Explain about the Deficiency of Riboflavin?
Riboflavin deficiency results in the condition of hypo- or ariboflavinosis, with sore throat, hyperaemia (condition in which the blood collects in a part of the body), oederna of the pharyngeal and oral mucous membranes, cheilosis (cracking of the corner of the mouth), angular stomdatitis (inflammation at the corner of the mouth), glossitis (inflammation or the infection of the tongue), seborrheic dermatitis and normochromic, normocytic anaemia associated with pure red cell cytoplasia of the bone marrow. As riboflavin deficiency almost invariably occurs in combination with a deficiency of other B-complex vitamins, some of the symptoms (e.g. glossitis and dermatitis) may result from other complicating deficiencies.
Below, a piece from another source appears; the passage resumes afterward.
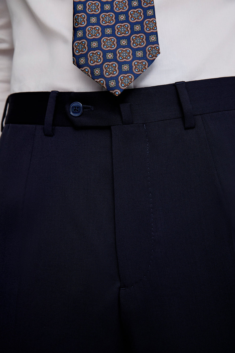 • Pantalón recto con cierre de botón prolongado en cintura y cremallera. Trabillas en cintura y bajo sencillo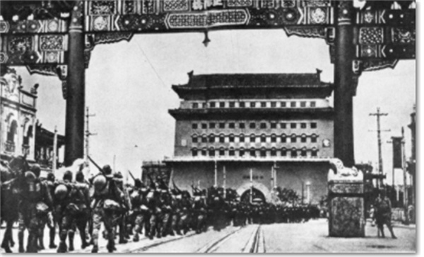 日本帝国主义在侵略中国的同时,东京积极申办第12届奥运会,中国坚决抵制。1938年3月,国际奥委会决定将第12届奥运会改在芬兰赫尔辛基举行。图为日军侵占北平。

The major cause of hyporiboflavinosis is inadequate dietary intake as a result of limited food supply, which is sometimes exacerbated by poor food storage or processing. Children in developing countries like ours will commonly demonstrate clinical signs of riboflavin deficiency during periods of the year when gastrointestinal infections are prevalent. Decreased assimilation of riboflavin also results from abnormal digestion, such as that which occurs with lactose intolerance. This condition is highest in African and Asian populations and can lead to a decreased intake of milk, as well as, an abnormal absorption of the vitamin. Absorption of riboflavin is also affected in some other conditions, for example, tropical sprue, celiac disease, malignancy and resection of the small bowel and decreased gastrointestinal passage time. In relatively rare cases, the cause of deficiency is inborn errors, in which the genetic defect is in the formation of a flavoprotein (e.g. acyl-coenzyme A [CoA] dehydrogenases). Also, at-risk are infants receiving phototherapy for neonatal jaundice and perhaps those with inadequate thyroid hormone. Some cases of riboflavin deficiency have' been observed in south-east Asian school children infected with hookworm.